#K0005 — Partitioned File Storage#

Author:

Niini

Started:

2023-12-08

Last updated:

2023-12-25

Status:

Design in progress

Timeline#

First draft

Proof of Concept

Stable implementation

2023-12-12

Summary#

Kate has two distinct needs for storing arbitrary binary data under well-known names:

  • Reliably persistent data: E.g.: cartridge data needs to be available for as long as the player is able to launch that cartridge, thus needs a reliable and persistent backing storage.

  • Ephemeral work area for large data: E.g.: the importer needs to access files from a ZIP archive to process them into a Kate cartridge.

A backing file store must thus address these two use cases while also making sure that we guarantee all other security and privacy guarantees Kate has.

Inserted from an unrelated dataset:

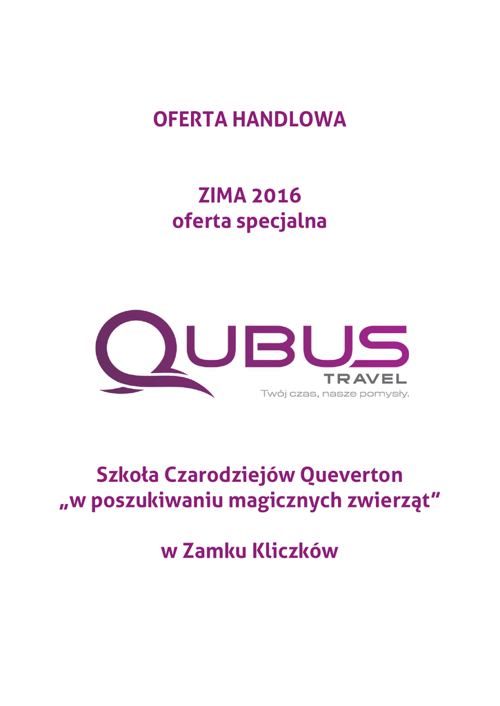 OFERTA HANDLOWA ZIMA 2016 oferta specjalna Szkoła Czarodziejów Queverton „w poszukiwaniu magicznych zwierząt” w Zamku Kliczków QT-02-09-OHZ/2015 oferta handlowa ZIMA 2016 imprez turystycznych organizowanych przez QUBUS Group Sp. z o.o., właściciela marki QUBUS Travel INFORMACJE DOTYCZĄCE WSZYSTKICH OFERT WYPOCZYNKU DZIECI I MŁODZIEŻY SZKOLNEJ ZNAJDUJĄCYCH SIĘ PONIŻEJ 1. Organizatorem Turystyki, i młodzieży szkolnej jest: posiadającym niezbędne uprawnienia do organizacji wypoczynku dzieci QUBUS Group Sp. z o.o. 40-208 Katowice, ul. Ścigały 10 NIP 954-274-52-73 REGON 243377021 KRS 0000477970 wpisana do Rejestru Organizatorów Turystyki i Pośredników Turystycznych Marszałka Województwa Śląskiego pod numerem 1016, posiadająca gwarancję ubezpieczeniową AXA Towarzystwa Ubezpieczeń i Reasekuracji S.A. w Warszawie, Departamentu Ubezpieczeń Turystycznych Oddziału Regionalnego w Katowicach, prowadząca działalność turystyczną pod nazwą QUBUS Travel. 2. 3. 4. 5. 6. Każda forma wypoczynku, organizowana przez QUBUS Group Sp. z o.o. z siedzibą w Katowicach jest rejestrowana w Śląskim Kuratorium Oświaty, a najpóźniej na 10 dni przed rozpoczęciem danej formy wypoczynku (danego turnusu) zaświadczenie o zarejestrowaniu turnusu jest udostępniane do wglądu dla Rodziców w siedzibie firmy lub przesyłane na życzenie Rodzica mailem na wskazany adres e-mail. Zgłoszenie wypoczynku do bazy wypoczynku, prowadzonej przez Ministra Edukacji Narodowej, można sprawdzić na stronie internetowej www.wypoczynek.men.gov.pl, wpisując odpowiednie dane dot. organizatora (woj. śląskie, powiat m.Katowice) oraz związane z miejscem wypoczynku. Informacje dotyczące transportu organizatora: miasta, z których organizowany jest transport na poszczególne formy wypoczynku, wpisane są do druku Umowy o świadczenie usług turystycznych. Miejsce oraz godzina zbiórki w danym mieście publikowane są na stronie internetowej www.queverton.pl najpóźniej na 7 dni przed rozpoczęciem turnusu – zawsze w zakładce „Strefa Rodzica”. Informacja zawiera również dane dotyczące środka transportu, trasy oraz osoby odpowiedzialnej, z ramienia organizatora, za przeprowadzenie transportu - jej imię, nazwisko oraz numer telefonu. Transport własny Rodzica: w dokumencie informujemy również Rodziców, niekorzystających z transportu organizatora, o której należy przywieźć dziecko do zamku w pierwszym dniu wypoczynku oraz o której należy dziecko odebrać w ostatnim dniu wypoczynku. Informacja dotycząca rozpoczęcia i zakończenia każdej formy wypoczynku (każdego turnusu): każdy turnus rozpoczyna się obiadem w pierwszym dniu turnusu, a kończy śniadaniem w dniu ostatnim, dodatkowo w ostatnim dniu uczestnik, korzystający z transportu organizatora, otrzymuje suchy prowiant na drogę powrotną (w postaci np.: bułki z serem, batonika 0,5 l wody mineralnej niegazowanej). Dokładne godziny pierwszego i ostatniego posiłku turnusu są publikowane w informacji transportowej najpóźniej na 7 dni przed rozpoczęciem danego turnusu. Przypominamy, że dzień pierwszy i ostatni przeznaczony jest na czynności organizacyjne, a nie właściwy wypoczynek. Informacja dotycząca kontaktu rodzica/prawnego opiekuna z uczestnikiem wypoczynku: rodzic/prawny opiekun może kontaktować się ze swoim dzieckiem (uczestnikiem wypoczynku) na telefon komórkowy dziecka w czasie, kiedy uczestnik przebywa w swoim pokoju (telefony komórkowe uczestnicy mają obowiązek pozostawiania w pokoju, za wyjątkiem wycieczek). Rodzic/prawny opiekun może kontaktować się ze swoim dzieckiem przez telefon służbowy kierownika turnusu w czasie posiłków, gdy wszyscy uczestnicy są w jednym miejscu. Rodzic/prawny opiekun może zasięgnąć informacji o swoim dziecku wyłącznie od kierownika turnusu o określonych godzinach. Numery telefonów poszczególnych wychowawców nie będą udostępniane. Numer telefonu kierownika turnusu oraz szczegółowe zasady kontaktu będą podane w informacji transportowej, która zostanie opublikowana najpóźniej na 7 dni przed rozpoczęciem danego turnusu – w zakładce „Strefa Rodzica” na stronie www.queverton.pl Niniejsza oferta handlowa stanowi integralną część Umowy o świadczenie usług turystycznych. 2 QT-02-09-OHZ/2015 oferta handlowa ZIMA 2016 imprez turystycznych organizowanych przez QUBUS Group Sp. z o.o., właściciela marki QUBUS Travel Drogi Rodzicu! Zanim podpiszesz Umowę, zapoznaj się z ofertą wybranej imprezy turystycznej (zimowiska), przedstaw ją dziecku i upewnij się, że mu się podoba. Następnie przeczytaj dokładnie Ogólne warunki uczestnictwa oraz Regulamin imprez turystycznych i przedyskutuj z dzieckiem punkty, które go dotyczą. Po podpisaniu Umowy wpłać zaliczkę w wysokości 300,00 zł, a pozostałą wymagalną kwotę na 21 dni przed turnusem. Pamiętaj o wysłaniu Karty Kwalifikacyjnej uczestnika! Dane do przelewu: QUBUS GROUP Sp. z o.o. 40-208 Katowice, ul. Ścigały 10 Numer konta bankowego: ALIOR BANK 11 2490 0005 0000 4600 5848 3177 w tytule: imię i nazwisko uczestnika oraz KOD turnusu __________________________________________________________________________________________________________ INFORMACJE DLA RODZICÓW KORZYSTAJĄCYCH Z DOFINANSOWANIA DO WYPOCZYNKU Z ZAKŁADOWEGO FUNDUSZU ŚWIADCZEŃ SOCJLANYCH I/LUB INNYCH DOFINANSOWAŃ Szanowni Rodzice uczestników niezwykłych kolonii, zimowisk i obozów w polskich zamkach! Przedstawiam informacje dla tych z Państwa, którzy korzystają z różnego rodzaju dofinansowań. 1. Organizator Turystyki QUBUS Group Sp. z o. o. z siedzibą w Katowicach wystawia zaświadczenia o udziale dziecka w zorganizowanym wypoczynku, jako że jest uprawnionym przedsiębiorcą do organizowania tego typu imprez turystycznych. 2. Zaświadczenia wydaje się na prośbę Rodzica, przesłanej mailem na adres [email protected]. Prośba powinna zawierać dokładne informacje, co ma znajdować się na zaś

That is, data must be partitioned to the processes that own them, with no way of distinct processes to forge access to these pieces of data.

To that end we introduce a new file backing storage on top of the Origin Private File System API that uses content-addressed binaries in distinct buckets, which are also divided into distinct “lifecycle” partitions.

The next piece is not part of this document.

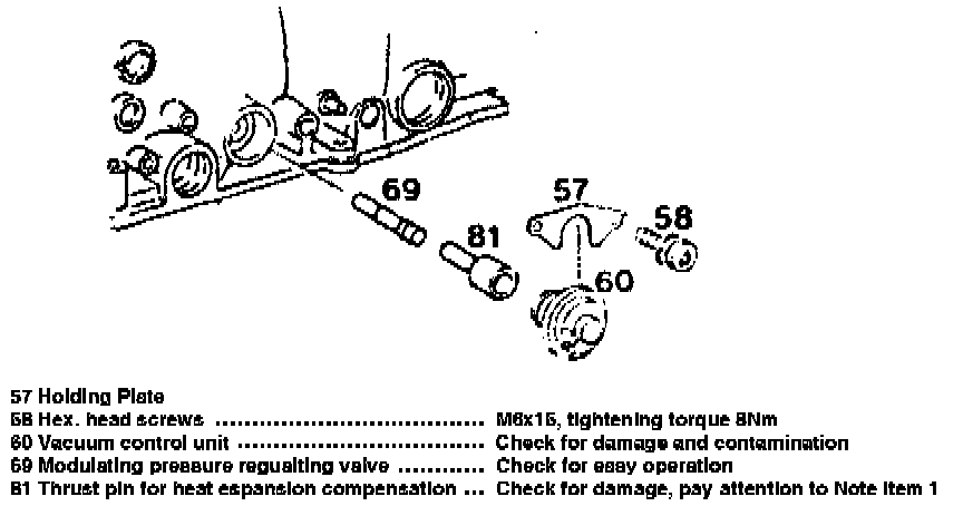 NOTE: The vacuum control unit version B has been installed up to February 1981. The vacuum control unit with thrust pin for heat expansion compensation version A is installed since February 1981. In the event of repairs, install version A. Test modulating pressure and adjust.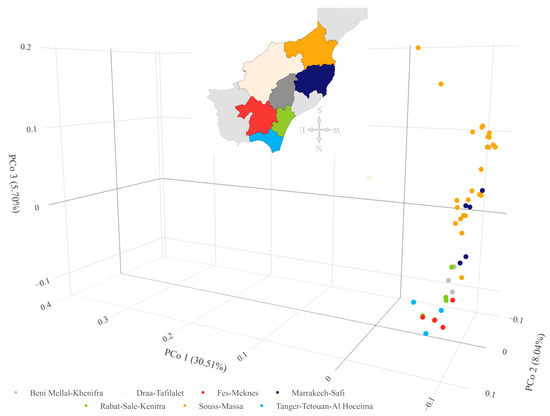 - Peakall, R.; Smouse, P.E. GenAlEx 6.5: Genetic analysis in Excel. Population genetic software for teaching and research—An update. Bioinformatics 2012, 28, 2537–2539. [Google Scholar] [CrossRef]

Keep in mind that we need:

  • Partitioned lifecycle: All buckets are subject to be garbage collected once there are no more references to it, but the frequency of garbage collection might vary.

  • Strong capabilities: Buckets can only be accessed by the owning process, and they must be handed a capability for it — there must be no way of forging capabilities for arbitrary buckets (i.e.: no root directory accessible from the process).

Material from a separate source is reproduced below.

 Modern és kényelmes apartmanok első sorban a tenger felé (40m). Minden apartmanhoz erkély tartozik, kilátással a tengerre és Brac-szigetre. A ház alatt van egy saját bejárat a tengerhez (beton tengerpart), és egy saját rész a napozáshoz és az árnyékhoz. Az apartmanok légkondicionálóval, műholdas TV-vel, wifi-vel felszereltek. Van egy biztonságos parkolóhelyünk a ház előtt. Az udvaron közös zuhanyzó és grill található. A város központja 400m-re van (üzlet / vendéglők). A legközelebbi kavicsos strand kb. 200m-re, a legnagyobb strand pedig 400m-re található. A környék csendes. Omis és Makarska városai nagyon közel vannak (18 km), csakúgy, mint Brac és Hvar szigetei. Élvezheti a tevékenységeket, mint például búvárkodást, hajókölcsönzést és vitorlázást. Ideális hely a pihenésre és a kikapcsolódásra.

  • Memory friendly: Since we will be using the storage for large binaries, the API must allow interacting with this storage using bounded memory.

Surface interface#

interface FileStore {
  get_partition(name: string): Promise<Partition>;
  from_key(key: PersistentKey): Promise<{partition: Partition, bucket: Bucket}>;
  gc(): Promise<void>;
}

interface Partition {
  create(): Promise<Bucket>;
  get(id: BucketId): Promise<Bucket>;
  release(bucket: Bucket): void;
  release_persistent(key: PersistentKey): void;
  persist(bucket: Bucket): PersistentKey;
}

interface Bucket {
  put(data: ArrayBuffer): Promise<File>;
  file(id: FileId): File;
}

interface File {
  id: FileId;
  read(): Uint8Array;
  delete(): void;
}

Note the lack of explicit deletion for buckets: they’re garbage collected automatically once there are no more references to it!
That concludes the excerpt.